Performance with TableSaw #75

marecabo · 2024-03-19T19:26:40Z

Hey there :) Steffen pointed out some code to me and I looked into it performance-wise.

Accessing a Tablesaw column by String name is rather expensive, we learned. This is because they do a string comparison equalsIgnoreCase to identify the desired column.

The critical path is:

legs.doubleColumn("monetaryCostOfTravel")
- ⤷ Relation.doubleColumn(String columnName)
  - ⤷ Relation.columnIndex(String columnName)
    - ⤷ String.equalsIgnoreCase(String anotherString)

@steffenaxer In this case, I moved getting the columns out of the loop, it should help a bit for this part.

I also changed some type definitions from implementation (HashMap) to interface (Map) and reduced queries for map entries a bit in MoneyLog, which should also help performance slightly.

steffenaxer · 2024-04-24T18:35:31Z

Why can't we merge this PR ❓

mfitz · 2024-04-24T19:36:48Z

Why can't we merge this PR ❓

@steffenaxer I ran a version of Gelato from this branch against our Paris East model soon after the PR was created, and it failed. I will document the exact failure here when I try again.

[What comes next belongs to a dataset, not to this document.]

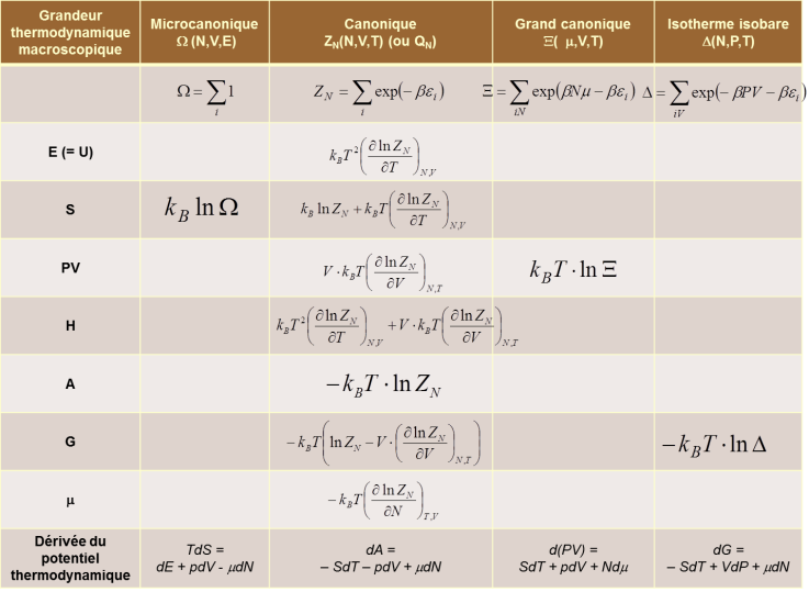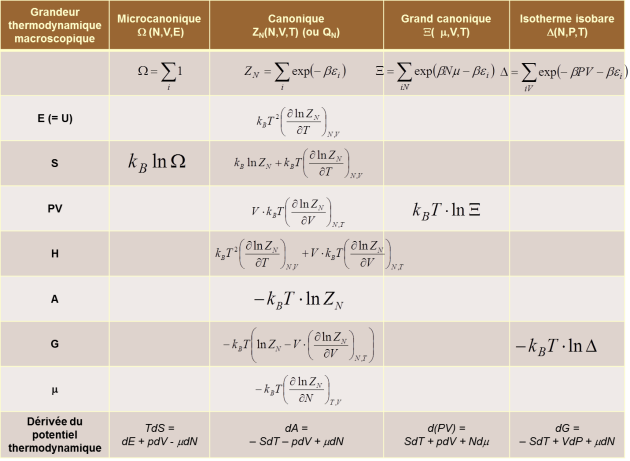 récapitulatif des ensembles NVU, NVT, μVT, NPT

I then ran this branch against a different, larger existing model, and it failed there, too, albeit for a different reason.

I am very keen to merge this branch, but before we do that, I need to understand fully why it failed with these two models and what can be done to fix those errors.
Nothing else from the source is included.